Michael South (Dick’s Sporting Goods) — “Focus on the risks that support the business.”

In this episode, I sat down with Michael South, CISO at DICK'S Sporting Goods, whose 30-year career spans Navy service, public sector leadership, big tech, and now retail. Michael’s path is anything but linear—he started in Navy avionics, moved into IT, helped lead cybersecurity across Asia-Pacific for the U.S. 7th Fleet, served as Deputy CISO for the City of Washington, D.C., and later sharpened his cloud and security mindset at AWS and IBM. Along the way, he even lived the entrepreneur life—opening a coffee shop with his wife that landed “best local salad” and a top café ranking in its first year.

What stood out most was how Michael described his pull toward security: not one dramatic turning point, but breadcrumbs—from managing early enterprise systems to responding to real incidents like the Melissa virus era. He’s motivated by the investigative thrill of “beating them back,” and he sees a clear parallel between military service and cybersecurity: something bad happens, you respond—fast, calmly, and with purpose. That same mission mindset also shaped one of his proudest accomplishments: developing and exercising a Navy CONOPS for operating through a loss of satellite communications, treating “availability” as the often-overlooked pillar of security and proving resilience through real-world testing.

Michael also shared a leadership evolution that’s incredibly relevant right now. When he arrived at the City of D.C. in 2016, cloud adoption felt like chaos—too many compliance regimes, too much uncertainty, and a fear of losing control. His instinct was “no”… until he did the work to learn the cloud deeply. The result: he went from cloud skeptic to cloud advocate, and security ended up leading the city’s cloud adoption strategy—a perfect example of security as an enabler with guardrails, not a blocker with rules. His message connected directly to today’s AI moment: leaders can either be the “department of no” or they can learn fast, put guardrails in place, and help the business move responsibly.

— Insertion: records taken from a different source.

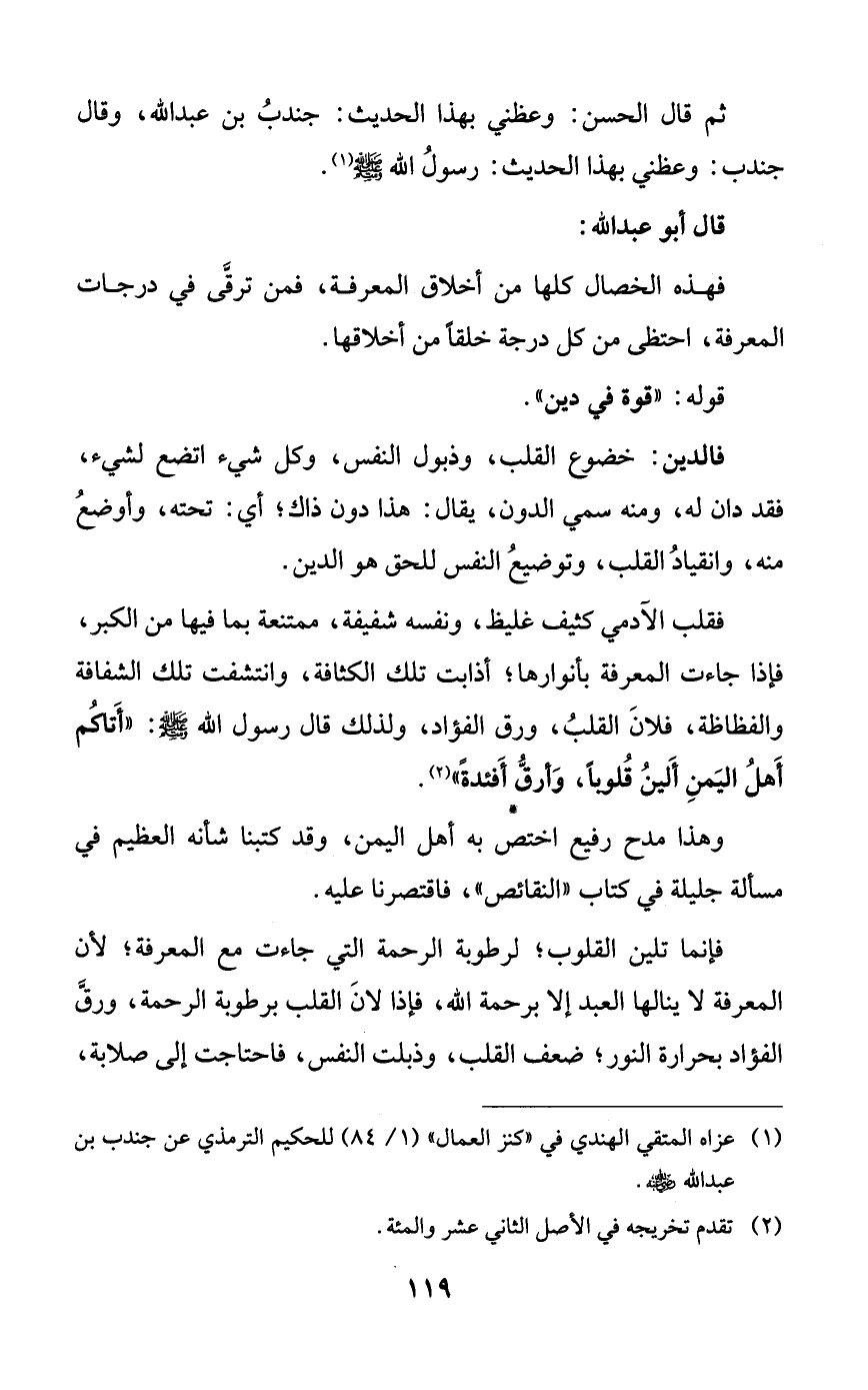 فقلب الآدمي كثيف غليظ، ونفسه شفيفة، ممتنعة بما فيها من الكبر، فإذا جاءت المعرفة بأنوارها؛ أذابت تلك الكثافة، وانتشفت تلك الشفافة والفظاظة، فلان القلب، ورق الفؤاد، ولذلك قال رسول الله صلى الله عليه وسلم: ((أتاكم أهل اليمن ألين قلوباً، وأرق أفئدةً)).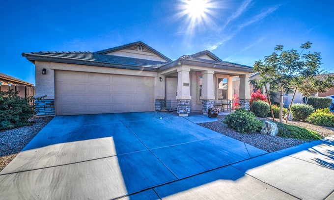 5 year old Executive Home nestled in the West Valley in Buckeye, AZ is minutes from many Cactus League Ballparks, Verado, Victory and Sundance Golf courses, NASCAR, shopping, hiking and more!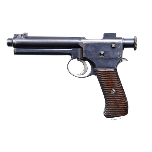SEMI-AUTOMATIC PISTOL. Cal. 8mm Steyr. S# 35159. Bbl. 5 1/4". Model 1907 Roth-Steyr semi-automatic pistol mfg. by Steyr. Top of the solid bbl. rib is marked "WAFFENFABRIK STEYR". Right side of the frame is marked with the S#, with an Austrian 1910 acceptance proof "W-n (AUSTRIAN EAGLE) 10" stamped on the rear. Frame exhibits a blue finish overall, with the bolt, firing pin, and bbl. being polished in-the-white. Extractor and trigger exhibit a straw finish. Frame is mounted with 2-piece grooved wood grips, with the right panel exhibiting an Austrian "22.LFH/ 22" unit mark, which appears to indicate issue to the Landwehr Feldhaubitzdivision (Howtizer Division). Dovetailed blade front sight, with fixed V-notch rear side of stripper clip feed lips. Matching numbers are present on the frame, as well as on the interior of the left sideplate. CONDITION: metal components retain the majority of their original arsenal blue finish, exhibiting areas of wear and thinning that show through to gray and brown patinas, as well as scattered spots of light to mild surface oxidation and pitting overall. Extractor retains good amounts of its original straw finish. Trigger retains scant traces of its original straw finish, with the balance exhibiting a gray patina. Bore exhibits moderate degrees of dark pitting, while retaining well defined rifling throughout. Grips show some superficial marks and impressions from handling and storage, but otherwise remain sturdy and serviceable. (24-6854/MLW). CURIO. $1,000-1,500.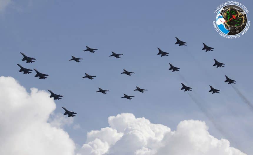 Even if some heavy formations of Tu-95 and Tu-160 strategic bombers took part to the airshow held at Zhukovsky, Moscow, on Aug. 11 and 12, to celebrate in spectacular style the 100th anniversary of the Russian Air Force, one of the highlights of the event was the flypast of 21 aircraft, consisting of 5 Su-27s, 8 MiG-29s and 8 Su-25s.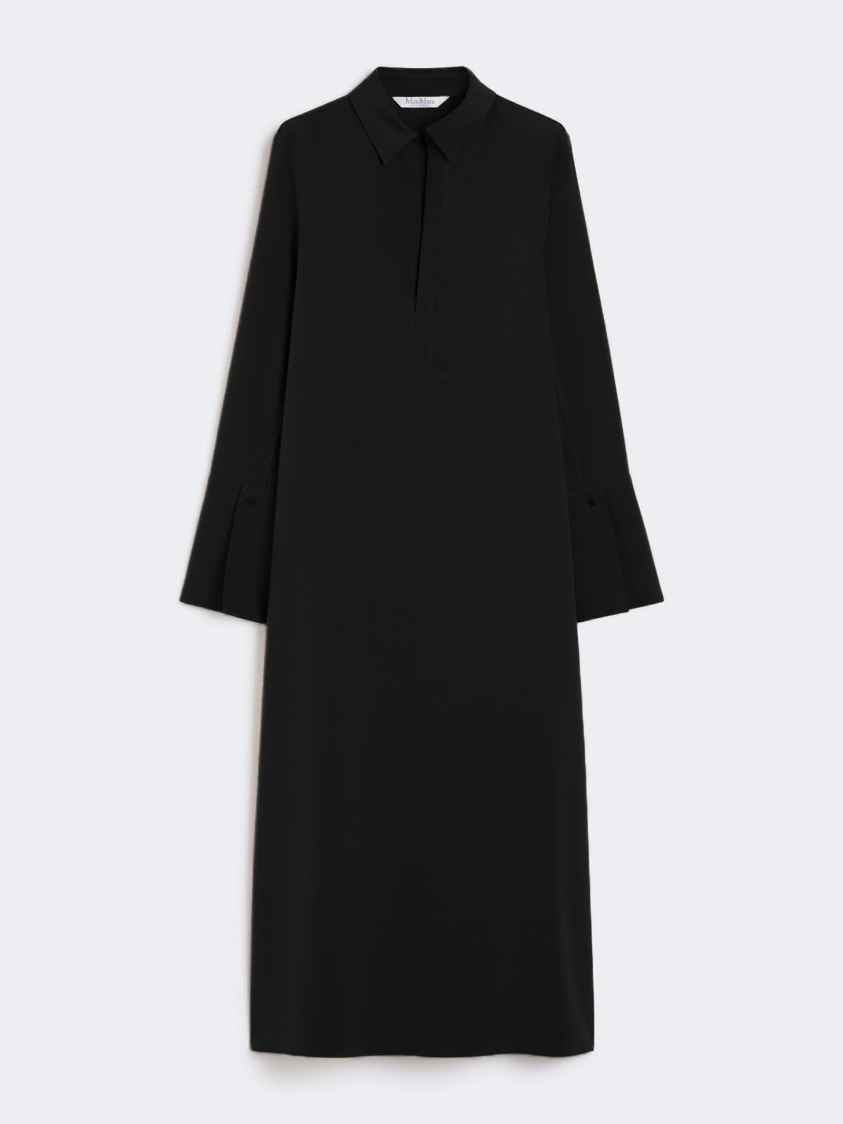 Max Mara Ossola kleit on elegantne ja ülimalt luksuslik - siidikangast kleidil on alt laienev siluett, polostiilis kaelus, pikad laiade ning nööbistatud käistega varrukad ja küljetaskud.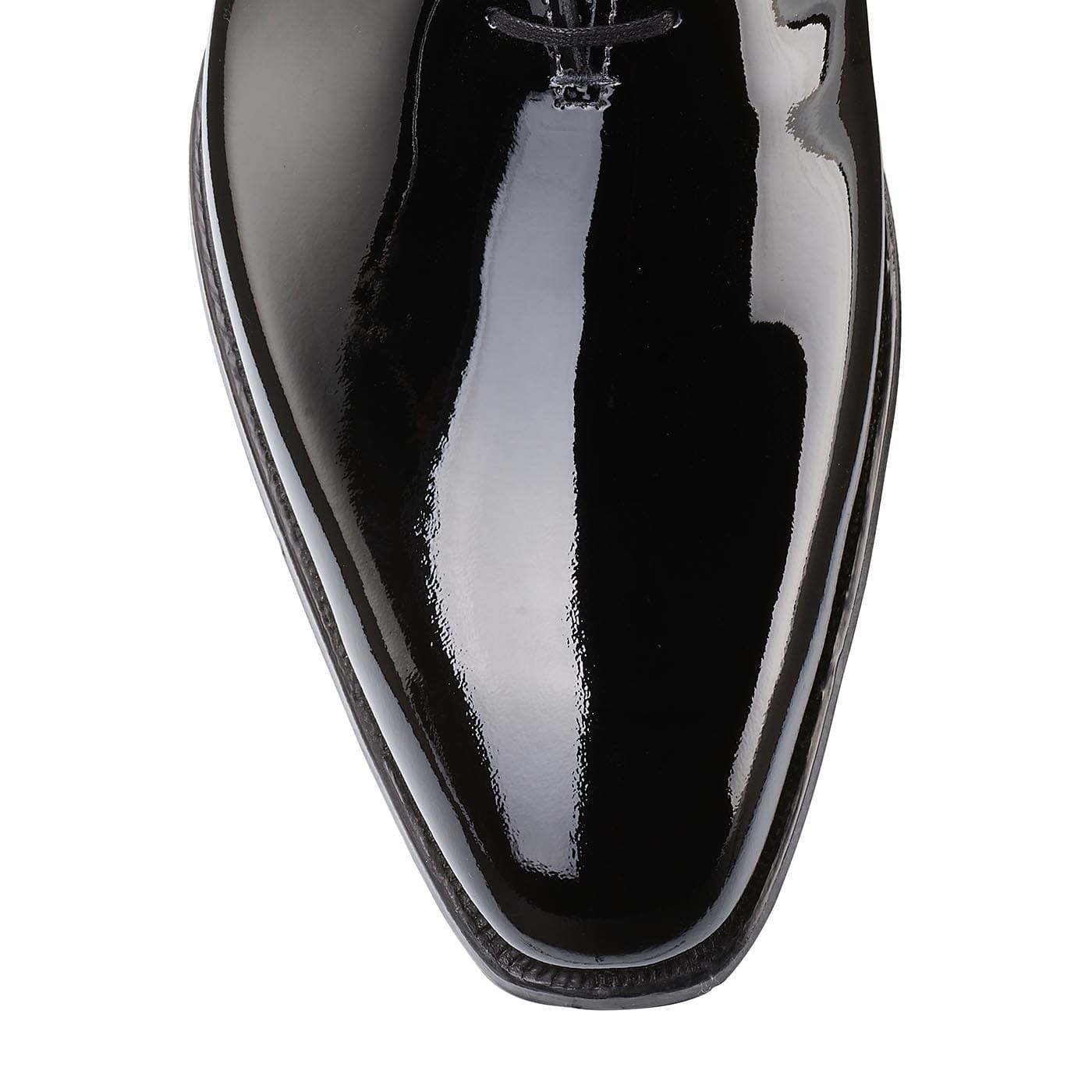 Alex, a plain fronted whole-cut oxford made from the finest black patent leather and featuring single leather soles. From the Men’s Main collection.

Additional takeaways from the conversation:

• Data-driven, risk-informed security—with empathy. Michael’s operating philosophy is to protect the business without exhausting the humans doing the work.
• Stop manufacturing emergencies. Not every critical vulnerability is a five-alarm fire—risk has to be grounded in exploitability, real-world exposure, and business impact.
• Don’t create burnout with bad communication habits. Avoid non-urgent after-hours messages; use scheduled send; reduce “reply-all” noise and needless pressure.
• Bring teams together on purpose. Offsites, summits, and shared learning build trust—and trust makes hard asks easier when they truly matter.
• Empower the team to lead culture. Squads for onboarding, experience, and development create shared ownership and meaning beyond daily ticket queues.
• Being a CISO isn’t being the smartest technologist. The job is systems thinking, business alignment, and informing leadership so the company can make risk-based decisions.
• Post-quantum gets too much airtime for most businesses (today). Vendors and major tech platforms will solve the heavy lift; most organizations need to be ready to update and adopt when standards and products mature.
• Stay open to side quests. Michael’s “Bob Ross career” view—happy accidents plus readiness—encourages aspiring CISOs to pursue opportunities they didn’t plan for.

His billboard message to every new CISO is simple and grounding: Focus on the risks that support the business. Because security maturity isn’t built by chasing severity scores—it’s built by making smart tradeoffs, protecting your people, and consistently tying work back to what the organization actually values.

Watch the Full Video Here: https://youtu.be/NFbdRl0W_Eg

____________________________________

RSA 2026, Come Meet With Us!

Also, to highlight upcoming events, we hope to meet you at RSAC 2026! If you are heading out to RSA and want to meet up with the Echelon team, come see us at our exclusive happy hour at the prestigious Olympic Club, a quiet oasis from the busy hustle and bustle of RSA.

Join Echelon Risk + Cyber for our annual RSA Happy Hour at The Olympic Club on Monday, March 23, from 3:00–5:00 PM PT, just before the official RSA Welcome Reception, with our sponsors Drata and Schellman!

Good people, great conversations, easy networking, no pressure.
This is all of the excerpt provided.